Probably one of the most widely used probabilistic data structure is the Bloom filter. Basically a Bloom filter is used to test whether an element is member of a set in a very memory efficient way. Because of the probabilistic nature of a Bloom filter, false positives are possible (but false negatives are not). This mean testing for the inclusion of an element will report it as being part of the set when it is not, statistically within a known error rate. There are several very good articles on the subject of Bloom filters which explain in great length everything there is to know about Bloom filters. See the references section for more info.
When dealing with unbounded data streams, standard Bloom filters are not of much help because they are built using a static structure based on the required filter capacity and false positives error rate. In fact, a Bloom filter is initialized using two parameters, m and k where m in the total number of positions (or bits for standard filters) and k the numbers of hashing functions used for each element. A simple formula can derive optimal m and k values for a required filter capacity and error rate. For example, for a filter capacity of 1000 elements and an error rate of 0.1%, 14378 positions (m) and 10 hash functions (k) are required.

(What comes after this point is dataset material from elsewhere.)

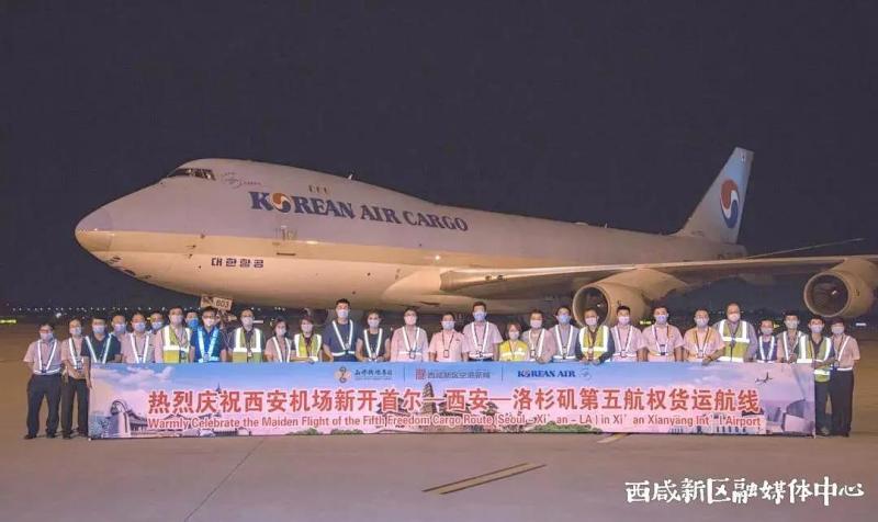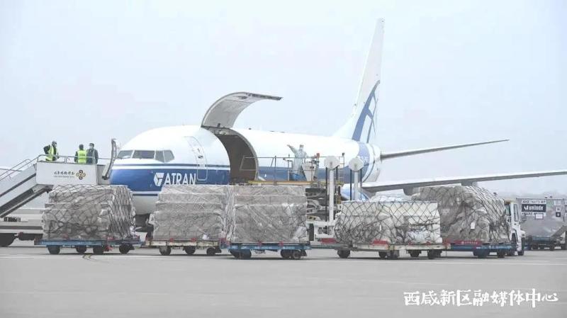 莫斯科-西安-阿拉木图货运航线是陕西第三条第五航权货运航线。此前,为保障三星半导体二期扩建顺利推进,空港新城分别于2019年和2020年先后开通首尔-西安-河内、首尔-西安-洛杉矶第五航权货运航线,截至目前已累计稳定运行121班。这些航线搭载着三星半导体的进厂设备、光刻胶、芯片及高端笔记本电脑、智能手机、新能源汽车零部件等高附加值货物高频穿梭于全球各大货运枢纽,年运输国际货量达上万吨。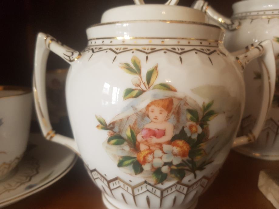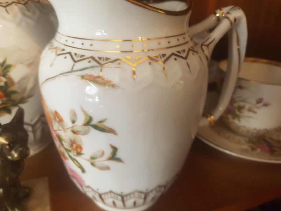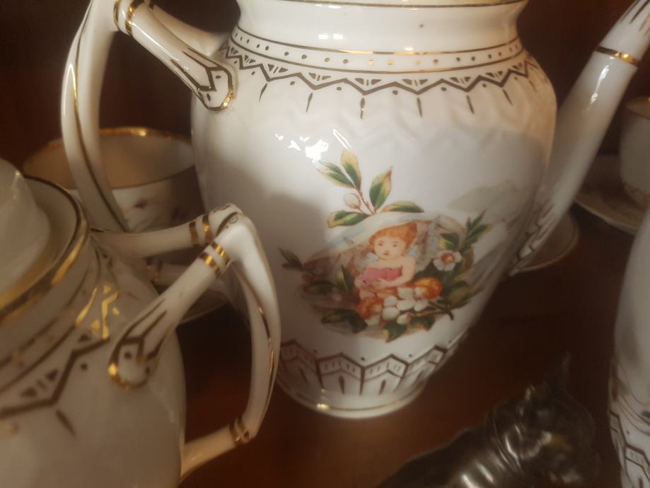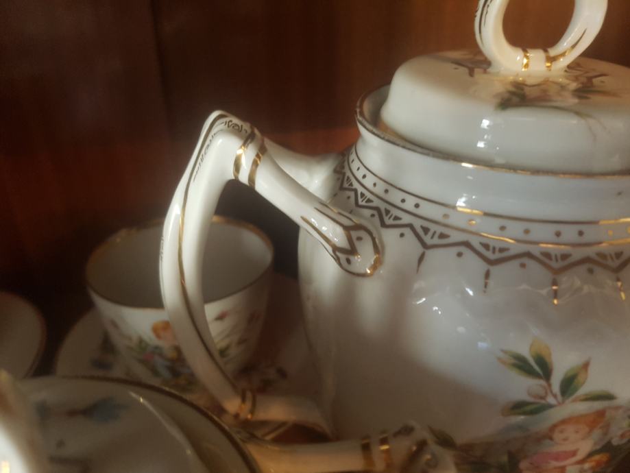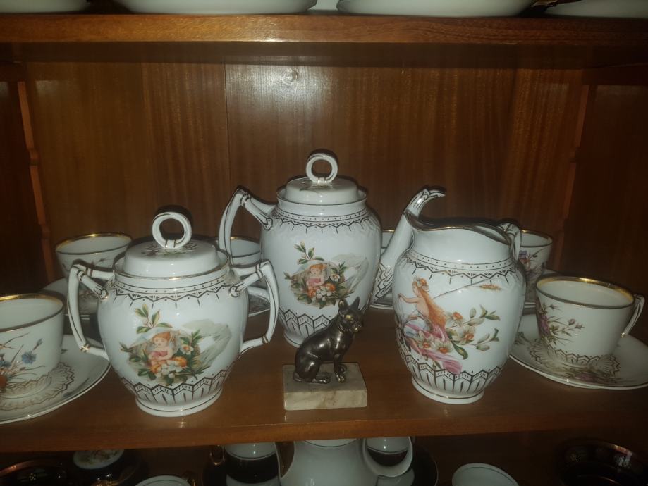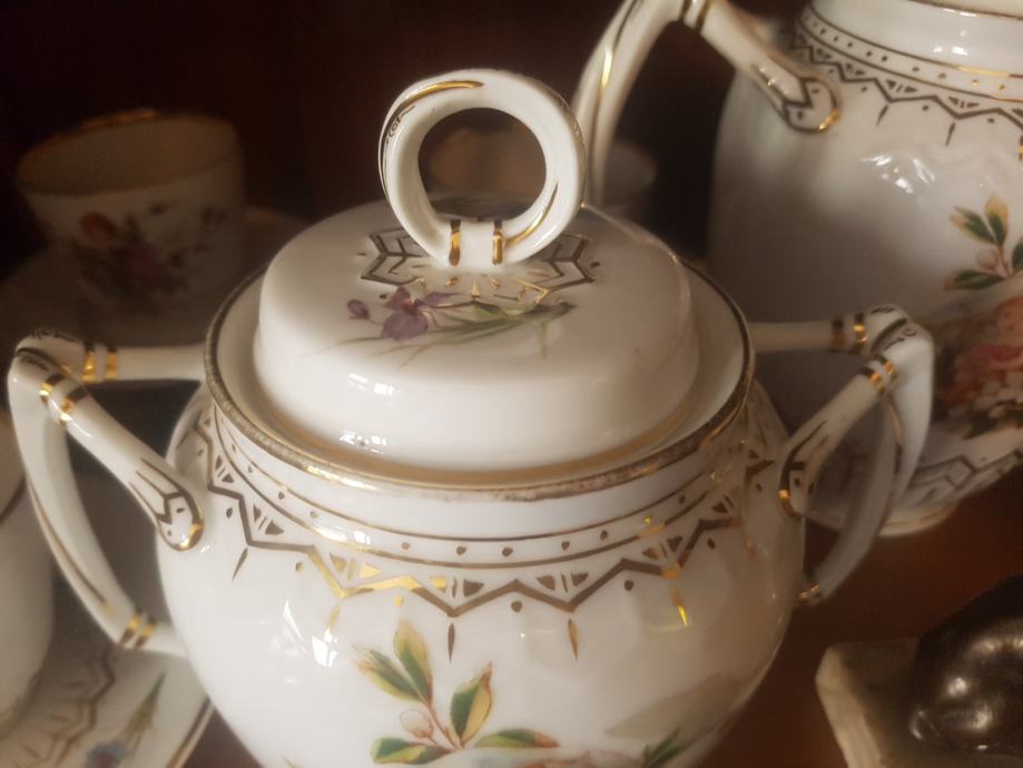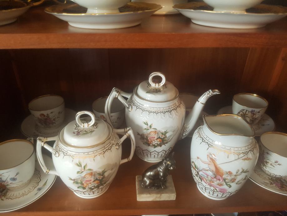 Prekrasan, jedinstven i vrhunski servis kakvih više nema :) Kraj 19 stoljeća, ručno oslikan, fini tanki porculan, kompletan što je rijetkost. Sastoji se od čajnika, vrča za mlijeko, šečernice i 6 šalica s pripadajućim tanjurićima ( svaka malo drugačije oslikana jer se radi o ručnom radu). Dvije šalice i tanjurić su minimalno okrhnuti ali ipak se radi o servisu koji je preživio čitavo 20.st. Ostatak je u besprijekornom stanju. Iz raloga okrhnuća (vidljivo na fotografijama) i je ovakva cijena jer bi inače bila znatno znatno viša.

With data streams the question usually is for how long do we need to accumulate data. If you can estimate the average throughput of the stream you can estimate how much data you will need to work with for the required period. We will call it the data TTL.
My first idea for Bloom filters with unbounded data streams was to use a filter ring of N+1 filters where each filter would hold data for a period of TTL/N. The extra +1 filter would be for the overlap to insure elements would not expire before the required TTL. At each TTL/N period the oldest filter would be reset and used as the new current, most recent filter. Elements would always be inserted in the current filter and lookups would require testing for inclusion in the N+1 filters. This method is simple by design but requires N+1 lookups. In a dedupping scenario where each element must be tested, this may be a problem. An advantage of this design is that it would be possible to trigger the filter rotation upon reaching the current filter capacity thus preserving the required error rate at the expense of having a dynamic TTL.
Ilya Grigorik’s post Flow Analysis & Time-based Bloom Filters and the Stable Bloom Filters paper inspired this idea of a time-based continuous filter. Attaching a TTL to each element of the filter is a good proposal but the challenge is how to encode the TTL in a space efficient way and how to actually track time and expire elements. My target was to see if I could come up with a solution by using 4 bits or less per filter position. Ideally the number of bits must be a power of 2 to avoid padding in our bit vector. 2 bits seemed too small, leaving 4 bits as the next smallest size.
The rotating filters idea actually lead to the idea of encoding time in a round robin clock of 15 positions, that’s the 4 bits 16 position less the 0 value reserved for the unset value. The internal clock resolution is set to half of the required TTL (resolution divisor of 2); the clock ticks every TTL / 2. The current time is the current clock tick modulo 15. The total time of our internal clock is 15 * (TTL / 2).
We keep track of TTLs by writing the current time in the key k positions when inserting in the filter. When doing a key lookup if the interval between the current time and the inserted time value (elapsed time) at any of the k position is greater than 2 (resolution divisor) we know this key is expired. Any expired position is reset to zero.
For example, in a filter using 3 hash functions, X is inserted at 4, Y inserted at 9 (overwriting one of X’s position). A lookup for X is made at 11. In two of X position, elapsed time is 11 - 4 = 7 which is longer then the resolution divisor of 2. X is reported as not found and the two expired positions are reset to zero.